[THE DATA]

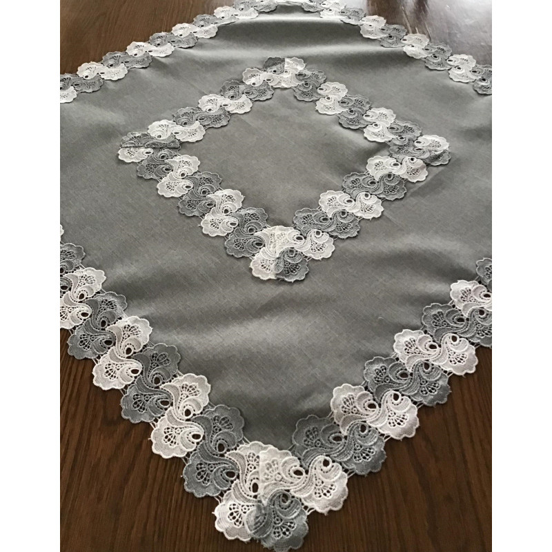 Bieżniki /Serwety Lniane Szare Z Gipiurą
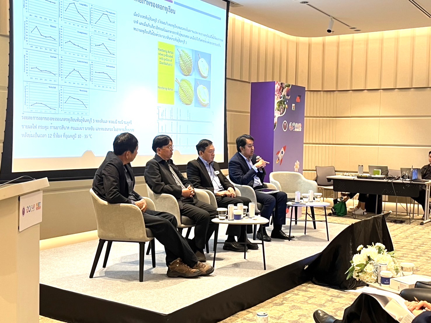 ในการนี้ ดร.ธีรวุฒิ ชุตินันทกุล ได้เข้าร่วมการเสวนา เรื่อง “การส่งออกทุเรียนไทย : การปรับตัวของเกษตรกรไทยภายใต้สภาพอากาศที่เปลี่ยนแปลง” โดยได้นำเสนอผลงานวิจัยของกรมวิชาการเกษตรเกี่ยวกับการจัดการทุเรียนเพื่อรองรับการเปลี่ยนแปลงสภาพภูมิอากาศ ร่วมกับผู้ทรงคุณวุฒิ จากมหาวิทยาลัย หน่วยงานเอกชน และผู้นำเกษตรกร ซึ่งมีการแลกเปลี่ยนความเห็นกันอย่างกว้างขวางเพื่อพัฒนาศักยภาพการผลิตทุเรียนของไทย
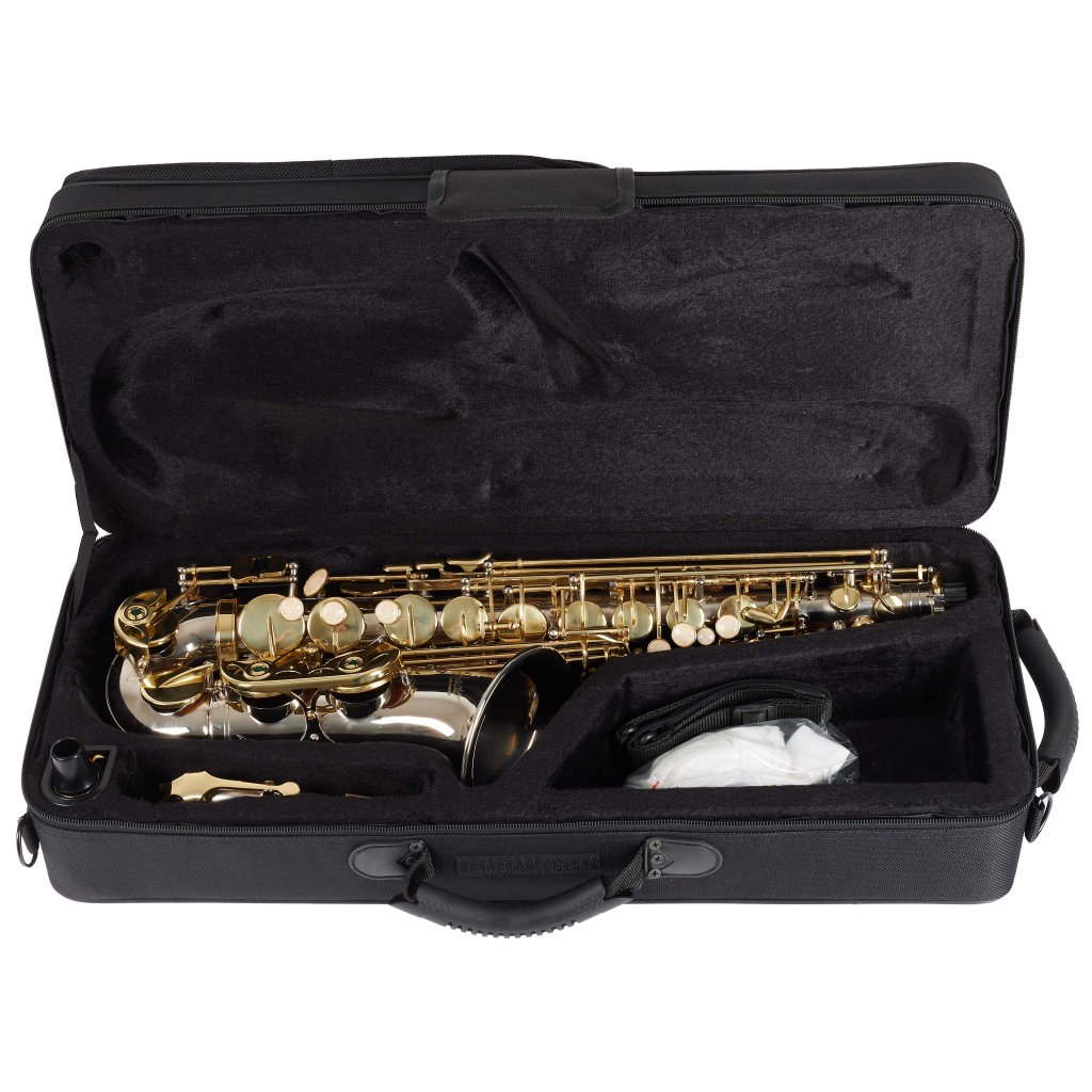 BAS-100N alt saxofón s mosadzným poniklovaným telom a pozlátenými klapkami. Saxofón sa dodáva v puzdre s náustkom, ligatúrou a príslušenstvom.

[WHAT IS REQUIRED] The listing above is to be written out again exactly, with its pictures omitted.

[YOUR RESPONSE]
 Bieżniki /Serwety Lniane Szare Z Gipiurą
 ในการนี้ ดร.ธีรวุฒิ ชุตินันทกุล ได้เข้าร่วมการเสวนา เรื่อง “การส่งออกทุเรียนไทย : การปรับตัวของเกษตรกรไทยภายใต้สภาพอากาศที่เปลี่ยนแปลง” โดยได้นำเสนอผลงานวิจัยของกรมวิชาการเกษตรเกี่ยวกับการจัดการทุเรียนเพื่อรองรับการเปลี่ยนแปลงสภาพภูมิอากาศ ร่วมกับผู้ทรงคุณวุฒิ จากมหาวิทยาลัย หน่วยงานเอกชน และผู้นำเกษตรกร ซึ่งมีการแลกเปลี่ยนความเห็นกันอย่างกว้างขวางเพื่อพัฒนาศักยภาพการผลิตทุเรียนของไทย
 BAS-100N alt saxofón s mosadzným poniklovaným telom a pozlátenými klapkami. Saxofón sa dodáva v puzdre s náustkom, ligatúrou a príslušenstvom.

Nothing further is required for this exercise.